The right-wing government of Israel, meanwhile, is likely to be a staunch opponent of a Saudi-Iran détente. For decades, Israel has exploited the Iran threat to promote its relations with the Gulf states, with recent successes; it now has diplomatic relations with Bahrain and the United Arab Emirates via the Abraham Accords. Generally, the current Israeli government led by Benjamin Netanyahu has other reasons to promote everlasting alarm about Iran: Israel is preserving its position as America’s most dependable ally in the Middle East by precluding a US-Iranian agreement, weakening and isolating Iran for regional influence, and distracting international attention from the occupation of Palestinian territory. Moreover, less hostile Saudi-Iran ties may lose one of Israel’s bargaining chips in trying to cement its relations with the Gulf states. 


While Riyadh and Tehran will have to fend off ‘peace spoilers’ from hardliners within their own regimes, the biggest external spoiler will be Israel. An Israeli spoiling initiative can easily be predicted by its extensive efforts in the past few months to sabotage negotiations to recover the JCPOA. To pursue this objective, Israel will likely utilize its enhanced connections with Saudi allies Bahrain and the UAE, and its cordial relations with sectors of Saudi leadership. More aggressive Israeli actions similar to what has been used to try to subvert the JCPOA must be considered in the event that diplomatic scheming becomes unviable, such as clandestine strikes on Iranian facilities or interests in the Gulf. 


Given the United States’ strong interest in a Saudi-Iran détente, American foreign policy should be directed at facilitating this prospective rapprochement by using its leverage to fend off Israel as a potential ‘spoiler.’ This leverage primarily consists of diplomatic tools and levers that dictate Israel’s capability to act, oftentimes with impunity.

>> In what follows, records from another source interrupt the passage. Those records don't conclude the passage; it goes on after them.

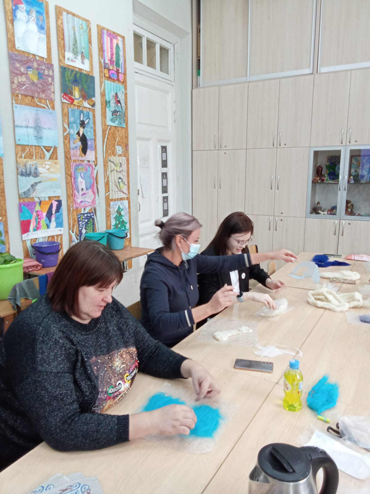 В Центре дополнительного образования «Алые паруса» руководитель творческого объединения «Поваляка» Ильченко Наталья Сергеевна провела для родителей учеников мастер-класс по созданию новогоднего сувенира. Мастер-класс прошел 13 января и был посвящен изготовлению валенок. Участники узнали о том, какие материалы используются для создания валенка, как их сочетать между собой и как передавать через творчество свои эмоции и чувства. Также они научились работать с шерстью и узнали о разных способах валяния, что позволило каждому участнику создать уникальные валенки по своему вкусу. Особое внимание было уделено декору изделия. Участники мастер-класса украсили свои валенки с помощью различных материалов и техник, чтобы они стали не только символом праздника, но и отражением индивидуальности своего создателя.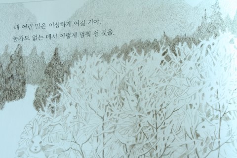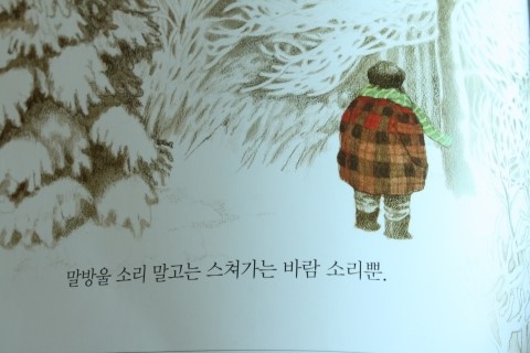 때론 장황한 몇 페이지의 글보다 함축적이지만 간결한 글 몇줄이 가슴을 더욱 울리기도 합니다.  저는 오늘  18줄의 글과 17편의 그림으로 마치 하얀눈이 소복이 쌓여가고 있는 숲가에 서서 행복한 마음으로 눈을 맞이하는  상쾌하고 행복한 그 기분을 만끽할 수 있는 그림책을 만났습니다.  분명 행운입니다.  글과 그림만으로 어린시절에나 느낄 수 있었던 행복감을 맛볼 수 있다니요.  오래도록 제 곁에 있어줄 책 <눈 내리는 저녁 숲가에 멈춰 서서>(살림어린이, 2013).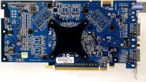 Карта имеет 256 МБ памяти GDDR3 SDRAM, размещенной в восьми микросхемах на лицевой стороне PCB. Микросхемы памяти Samsung (GDDR3). Время выборки у микросхем памяти 2,0 ns, что соответствует частоте работы 500 (1000) МГц. | ![]() |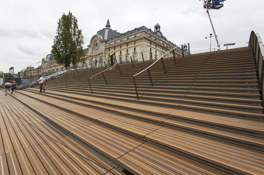 - Au pied du Musée d’Orsay, ont été installés des gradins en bois reliant les parties hautes et basses des berges et offrant un point de vue inédit sur le fleuve. Cet espace devrait également permettre d’assister à des spectacles joués sur la Seine. Ce qui devrait notamment être le cas pour la soirée d’inauguration de mercredi.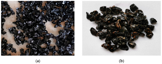 Samples before and after the affinity test: (a) Aggregates freshly coated with binder; (b) Sample analysed after 6 h of rotation.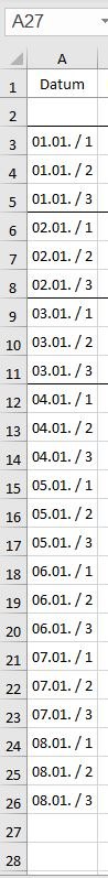 Noch dazu sollte jeder Monat durch eine leere Spalte getrennt werden, welche man auch gerne farblich hervorheben kann, aber das sind "optische Einstellungen".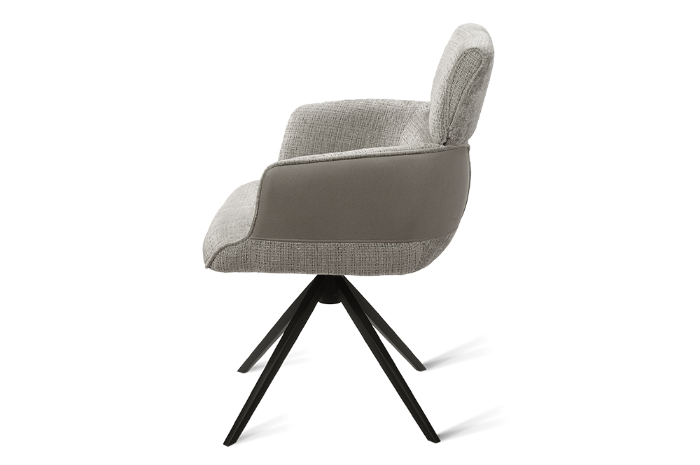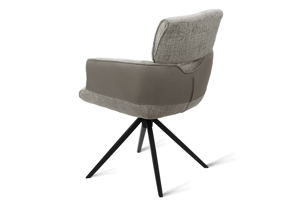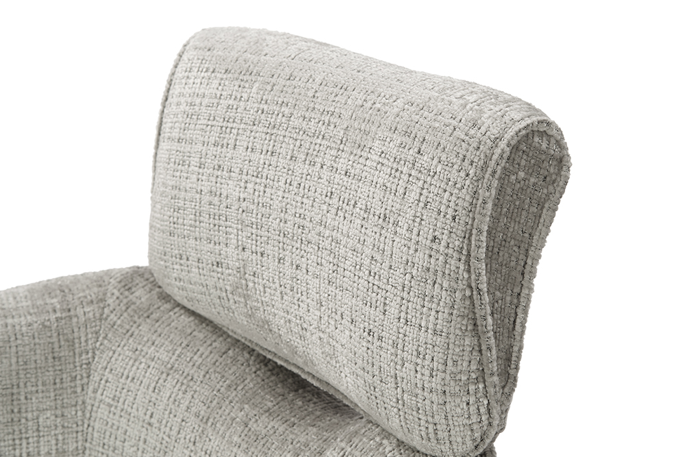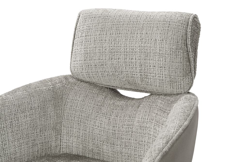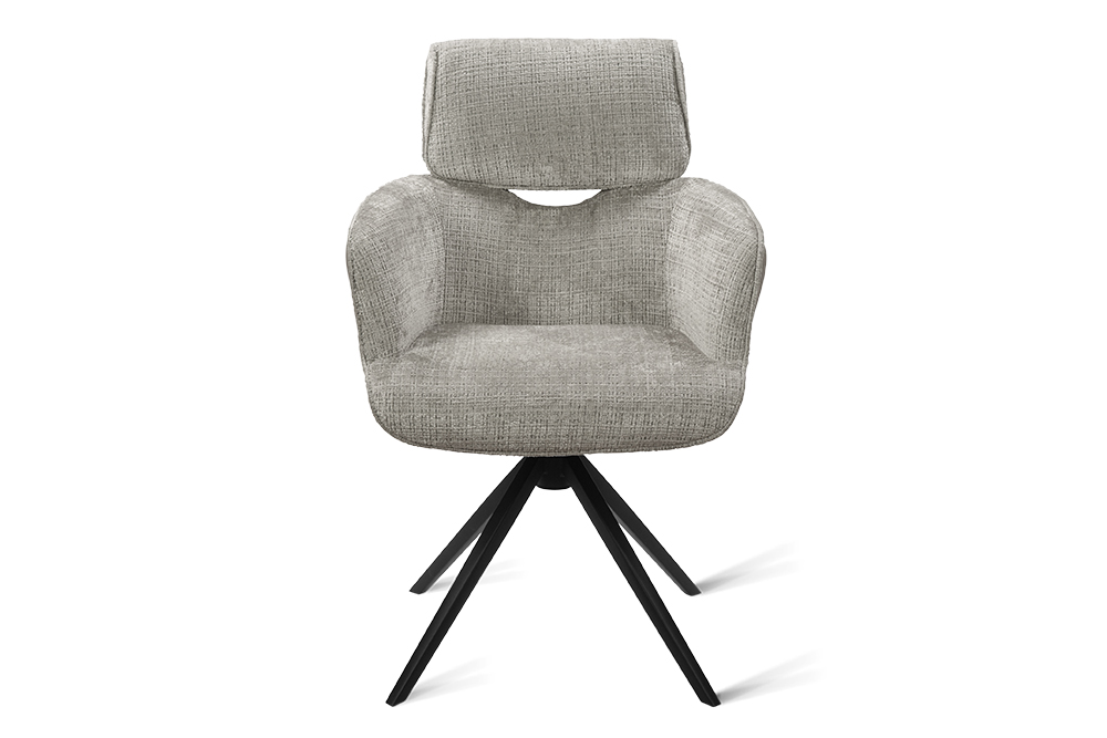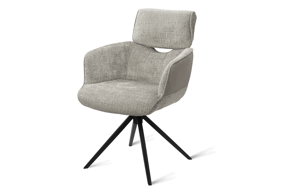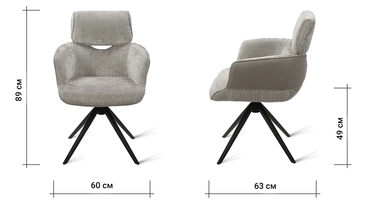 Стул-кресло B920 REUSS SILVER — комфорт и долговечность для любого уголка вашего дома. Удобная форма с мягким подголовником и возвратно-поворотным механизмом обеспечивает идеальную поддержку и плавное вращение на 180 градусов с автоматическим возвратом — легко повернитесь к собеседнику за столом, к зеркалу или к монитору. Стул-кресло всегда возвращается в исходное положение, сохраняя аккуратный и организованный вид вашей обстановки. Комбинированная обивка выполнена в гармоничной гамме: практичный шенилл серого цвета в контактных зонах выдерживает до 70 000 циклов истирания, подтверждая свою исключительную износостойкость, а мягкая экокожа темно-серого цвета с текстурой под замшу добавляют тактильный комфорт и облегчают уход. Лучеобразные ножки из чёрного металла придают конструкции лёгкость, устойчивость и завершают современный внешний вид. B920 REUSS SILVER органично дополнит обеденную зону, туалетный столик или рабочее место, сочетая в себе надёжность для ежедневного использования и сдержанную элегантность.

The goal in this case should be for the US to divest Israel of its impunity given its dependence on US funds, weaponry, and diplomatic support. The magnitude of a prospective Saudi-Iran détente behooves the US to take a proactive, buttressing role, even if it requires austerity measures to limit Israeli bellicosity. 


The implications of this half-century long rivalry in the Persian Gulf have been immeasurably dire for the stability and wellbeing of people in the Middle East. A détente is not only in the interest of regional peoples and states, but also for the benefit of the world given the interregional effects of war and extremism emanating from the Middle East. While optimism is seldom rewarded in the Middle East, with facilitation from the US and members of the international community, Tehran and Riyadh may be able to agree on an incremental, bottom-up confidence-building process that could signify a new era of peace and security in the region.